Nuova Antologia Militare (Oct 2024)
The repatriation of Greek prisoners of war from the Turkish military camps of Asia Minor (April 1923 – April 1924)
Abstract
The aspirations of the Megali Idea, nurtured by generations of Greeks, were permanently put to rest in Lausanne with the signing, by Greece and Turkey, of the homonymous Peace Treaty (24 July 1923). Almost six months earlier (17/30 January 1923), in the same Swiss city, the two states had co-signed diplomatic acts (Agreements and Protocols) for the mutual exchange of populations and prisoners of war. In contravention to what was stipulated in the relevant agreements, the repatriation of Greek prisoners of war took place in stages, over a period of thirteen months.
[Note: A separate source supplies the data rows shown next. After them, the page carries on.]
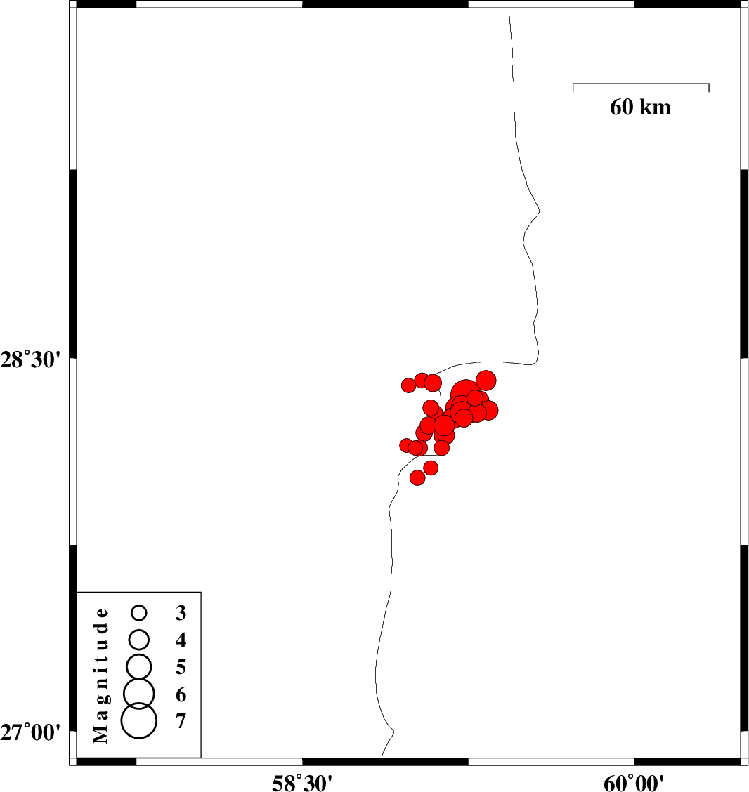 | 2010/12/21 | 09:24:37.8 | 12:54:37.8 | 28.23 | 59.07 | 44 | ML3.5 | Kerman Province, 120 km South-East of Bam | ||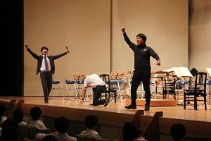 平野校長からの「ノるところはノる キくところはキく」のとおり、生徒は盛り上がるところは盛り上がり、みんなで楽しそうに手拍子などをしていたところが印象的でした。指揮者体験の部では輪島高校から新典さんが指揮者として参加しました。とても貴重な体験をすることができました。最後は生徒会長の北出さんより「素晴らしい演奏をありがとうございました。」と花束が手渡され、締めくくりとなりました。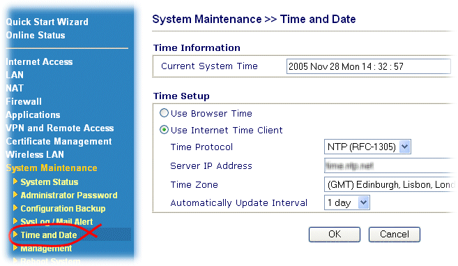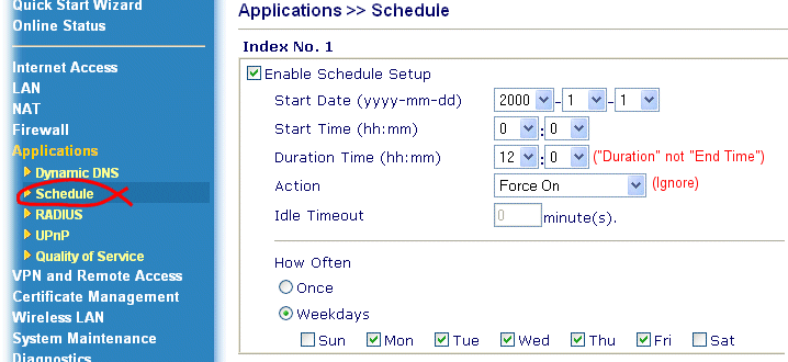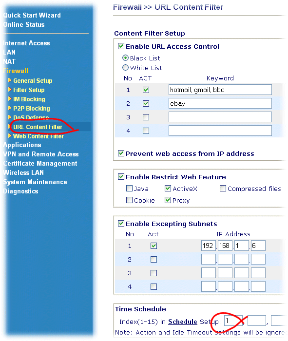 Vigor routers with Content Filtering facilities can have a schedule attached to some of the facilities, for example so that a rule blocking access to email services is not active at 'lunchtime' so that staff are permitted to check their personal email. There are three stages to this:
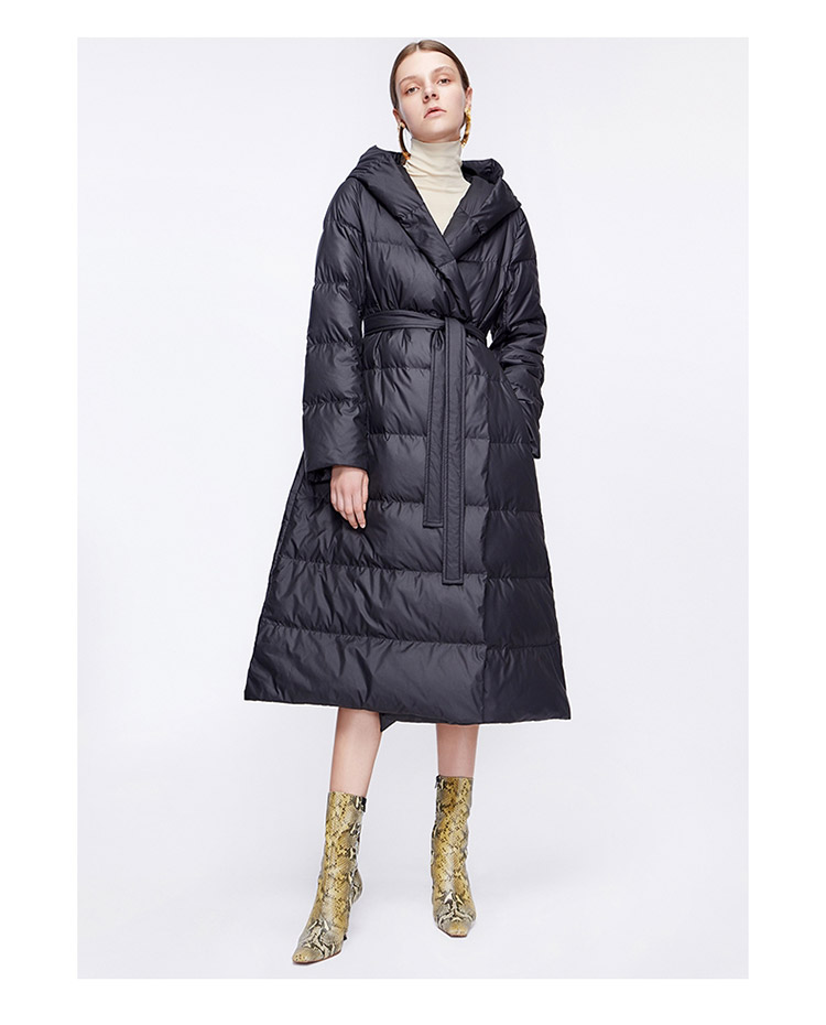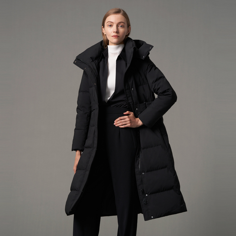 A belted long down jacket adds shape while keeping warmth.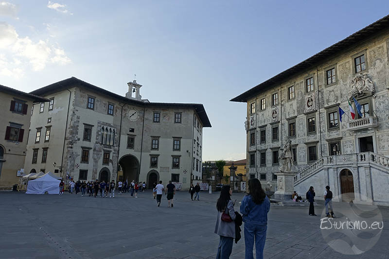 En 1254, uniendo construcciones preexistentes, se construyó el palacio del Pueblo y de los Ancianos, hoy palacio de la Carovana. Ya en el siglo XIV se emprendieron expropiaciones y demoliciones con el propósito de abrir una gran plaza que se denominó Platea Pisani Populi, en la que también se realizaban las ejecuciones públicas. Sin embargo, la plaza que vemos hoy es el resultado de una amplia intervención de reordenación urbana impulsada por Cosme I de Médici en el año 1558. Para ello, encargó el proyecto a Giorgio Vasari, quien reorganizó los edificios que daban a la plaza, muchos de los cuales se encontraban, según sus propias palabras, “en confusión y desorden”, fusionando y regularizando antiguas construcciones medievales.

The bulk of the POWs, however, arrived in Greece in April and August 1923. Scholarly interest in the repatriation of these prisoners is manifold. First and foremost, it addresses a gap in Greek historiography relating both to their numbers and the conditions under which they arrived in Greece. Knowing the total number of returning soldiers, coupled with the number of those captured by Kemal’s forces in the period 1919–1922, allows one to calculate the extent of human losses suffered by the Greek soldiers during their captivity. Further, the image of the repatriates may act as irrefutable evidence of the billeting conditions in Asia Minor, leading to certain safe remarks regarding their detention in Turkish concentration camps. Focusing on the quantification of Greek prisoners, thus, what follows is an attempt at documenting their “journey” from Turkey to Greece, the public discourse that developed around them, as well as any effort at instrumentalizing them undertaken both by the Turkish and Greek sides respectively.